_Task_
Every line from the one containing "Kirjautuessa Maestroon ko." to the one containing "radiance under light." in the records below, both included, must be set down exactly, and no other line.

_Supplied material_
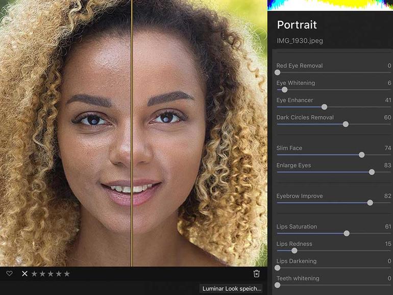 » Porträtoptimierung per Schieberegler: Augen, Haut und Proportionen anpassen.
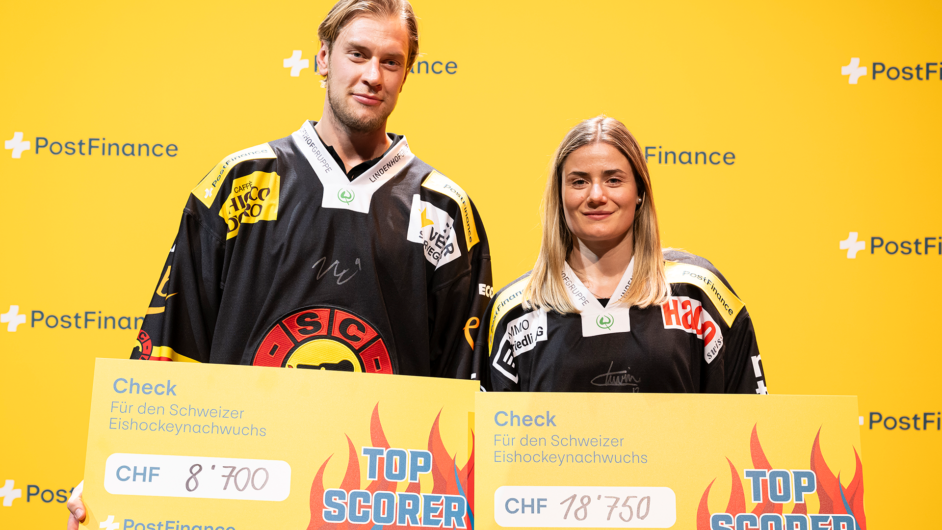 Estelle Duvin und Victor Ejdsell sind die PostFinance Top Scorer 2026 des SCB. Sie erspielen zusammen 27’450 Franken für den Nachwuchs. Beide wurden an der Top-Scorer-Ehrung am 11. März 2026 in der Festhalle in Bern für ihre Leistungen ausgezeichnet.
* * *
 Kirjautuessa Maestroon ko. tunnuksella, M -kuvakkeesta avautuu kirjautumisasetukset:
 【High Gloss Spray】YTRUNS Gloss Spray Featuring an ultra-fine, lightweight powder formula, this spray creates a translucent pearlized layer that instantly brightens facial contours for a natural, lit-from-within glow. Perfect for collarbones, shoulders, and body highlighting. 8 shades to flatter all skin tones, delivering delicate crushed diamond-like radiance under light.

_Final answer_
 Kirjautuessa Maestroon ko. tunnuksella, M -kuvakkeesta avautuu kirjautumisasetukset:
 【High Gloss Spray】YTRUNS Gloss Spray Featuring an ultra-fine, lightweight powder formula, this spray creates a translucent pearlized layer that instantly brightens facial contours for a natural, lit-from-within glow. Perfect for collarbones, shoulders, and body highlighting. 8 shades to flatter all skin tones, delivering delicate crushed diamond-like radiance under light.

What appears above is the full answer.